_Dataset excerpt:_
━━━━━━━━
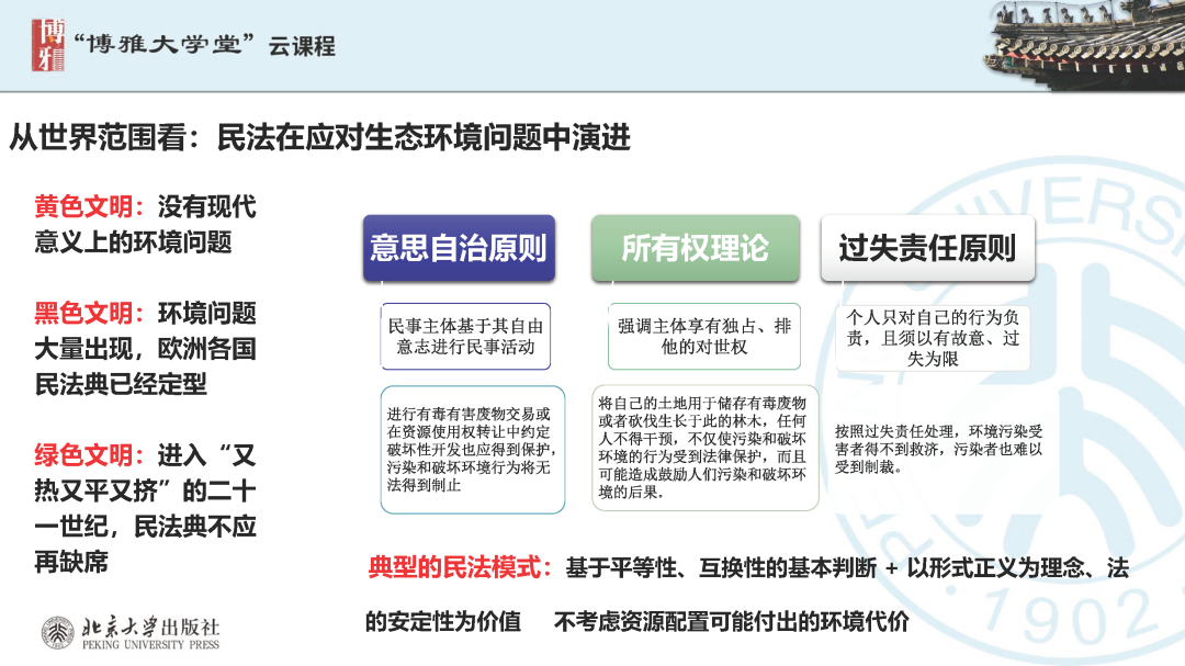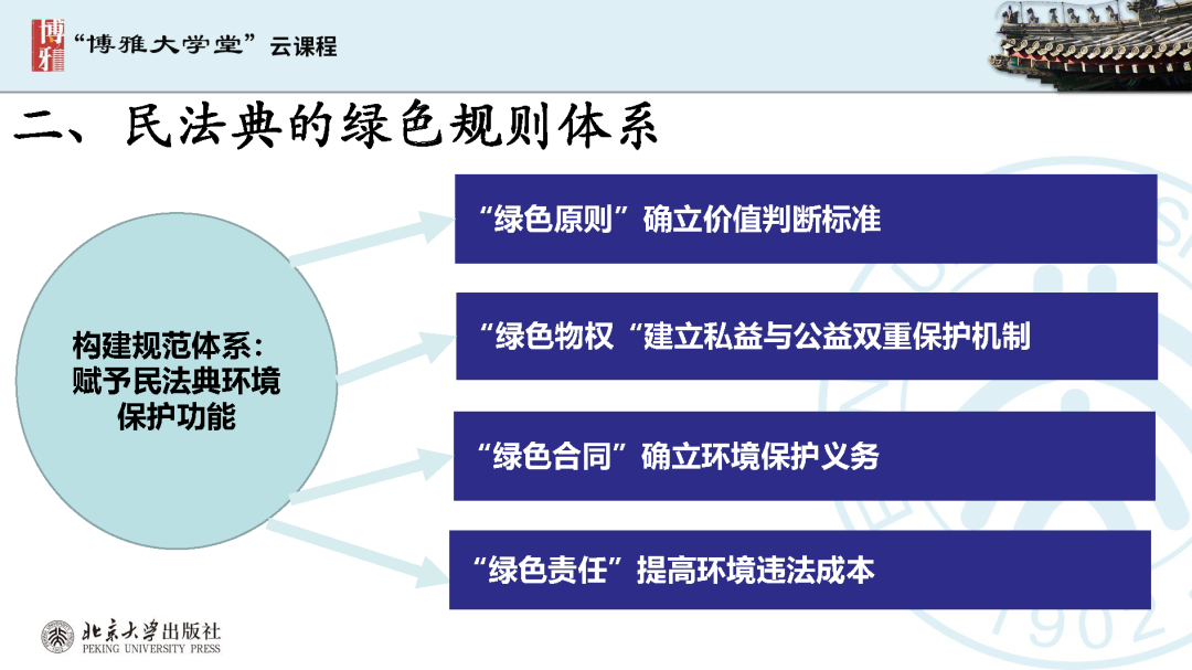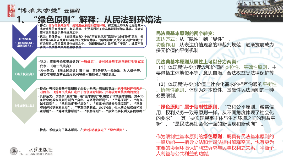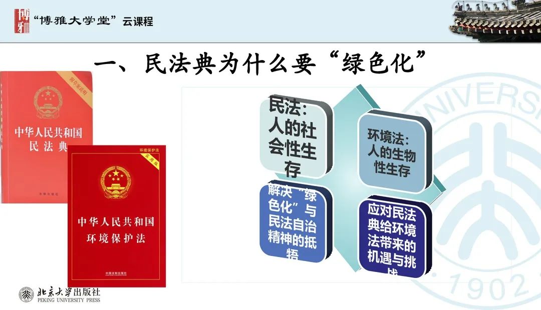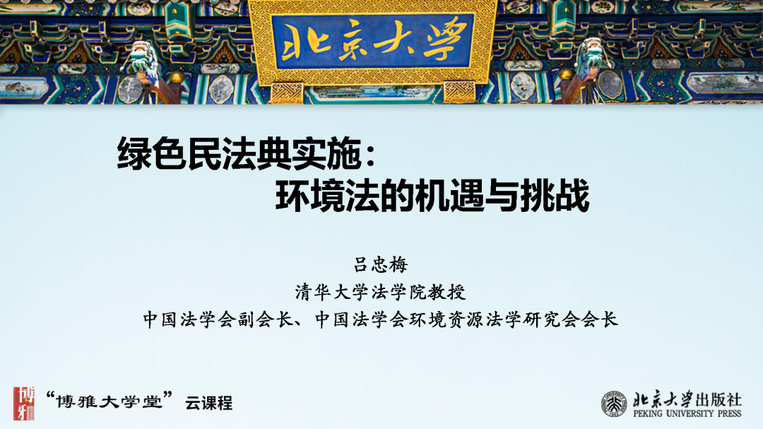 本文為?呂忠梅?老師在博雅大學(xué)堂上的報(bào)告。題目為《綠色民法典實(shí)施:環(huán)境法的機(jī)遇與挑戰(zhàn)》。內(nèi)容主要涉及民法典為什么要綠色化、民法典的綠色規(guī)則體系及綠色民法典給環(huán)境法帶來的新機(jī)遇和新挑戰(zhàn)。
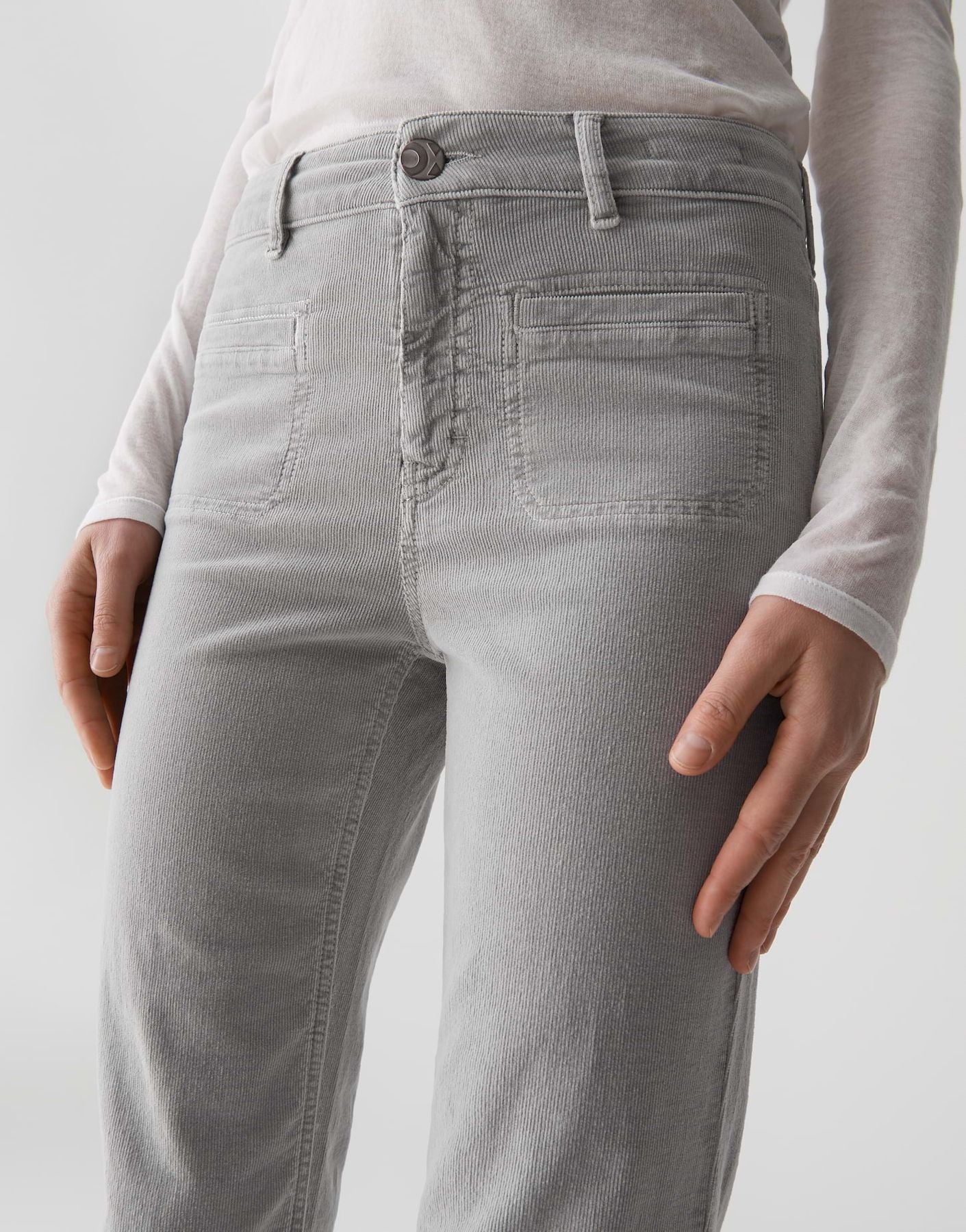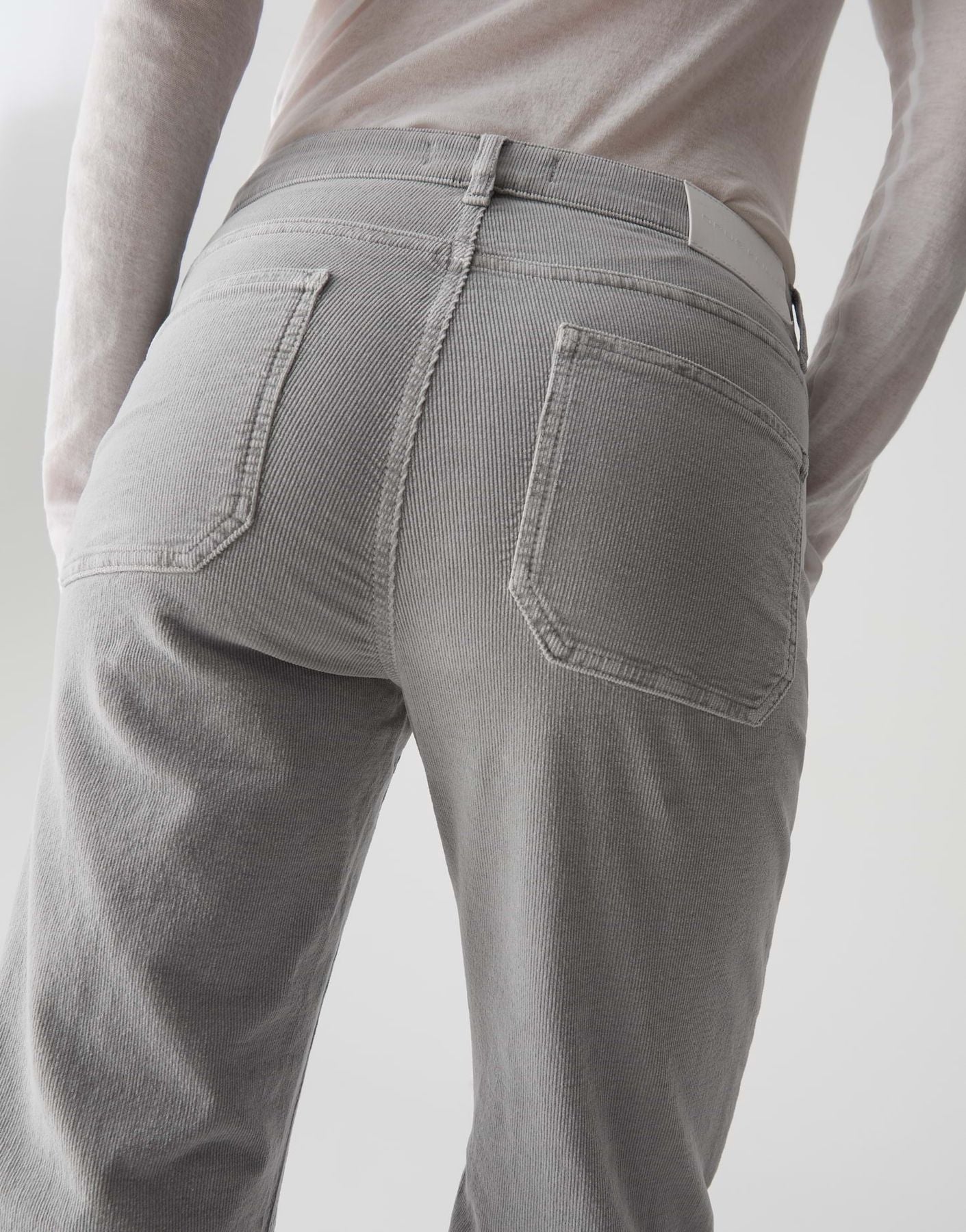 schmal am Oberschenkel, leicht ausgestelltes Bein, Hosenbein Innenlänge in jeder Größe: L32 ca. 81 cm, Model Größe 178 cm – trägt Größe 36, Cord, feine Rippstruktur, weicher Griff, samtige Oberfläche, elastischer Stoff, eckig abgesteppte Taschen vorne mit Paspeltaschen, aufgesetzte Taschen hinten, verdeckter Zip-Fly, Gürtelschlaufen
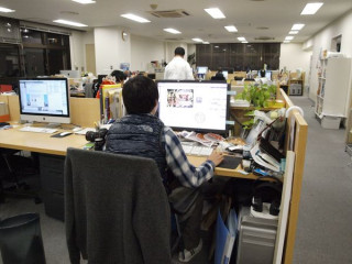 ただいまデザイン中 あさってからはじまるあたらしいよみものコンテンツを 「むーーーーーーん。 タイトルまわりのデザインで ちょっと悩んでるんすけど〜」 ‥‥ということなので、ぐっさんの机のまわりで 「担当者の舞」を踊ってみました。 (註 担当者の舞とは: たんとうしゃのまい。 コンテンツのテキスト担当が デザインがしあがる過程に同席し 構成や希望などを伝えていくこと。 でもその行為の意味の大半は、実は がんばれデザイナー、 がんばれデザイナー、 と、わっしょいわっしょいの 応援をしているだけである、 というもの) そして、1時間ほど舞いました。 ようやくタイトルまわりができあがりそうです。 2010/12/14 18:15 |
━━━━━━━━
For this exercise, write the listing out again exactly, excluding all images.

_Answer for the task:_
 本文為?呂忠梅?老師在博雅大學(xué)堂上的報(bào)告。題目為《綠色民法典實(shí)施:環(huán)境法的機(jī)遇與挑戰(zhàn)》。內(nèi)容主要涉及民法典為什么要綠色化、民法典的綠色規(guī)則體系及綠色民法典給環(huán)境法帶來的新機(jī)遇和新挑戰(zhàn)。
 schmal am Oberschenkel, leicht ausgestelltes Bein, Hosenbein Innenlänge in jeder Größe: L32 ca. 81 cm, Model Größe 178 cm – trägt Größe 36, Cord, feine Rippstruktur, weicher Griff, samtige Oberfläche, elastischer Stoff, eckig abgesteppte Taschen vorne mit Paspeltaschen, aufgesetzte Taschen hinten, verdeckter Zip-Fly, Gürtelschlaufen
 ただいまデザイン中 あさってからはじまるあたらしいよみものコンテンツを 「むーーーーーーん。 タイトルまわりのデザインで ちょっと悩んでるんすけど〜」 ‥‥ということなので、ぐっさんの机のまわりで 「担当者の舞」を踊ってみました。 (註 担当者の舞とは: たんとうしゃのまい。 コンテンツのテキスト担当が デザインがしあがる過程に同席し 構成や希望などを伝えていくこと。 でもその行為の意味の大半は、実は がんばれデザイナー、 がんばれデザイナー、 と、わっしょいわっしょいの 応援をしているだけである、 というもの) そして、1時間ほど舞いました。 ようやくタイトルまわりができあがりそうです。 2010/12/14 18:15 |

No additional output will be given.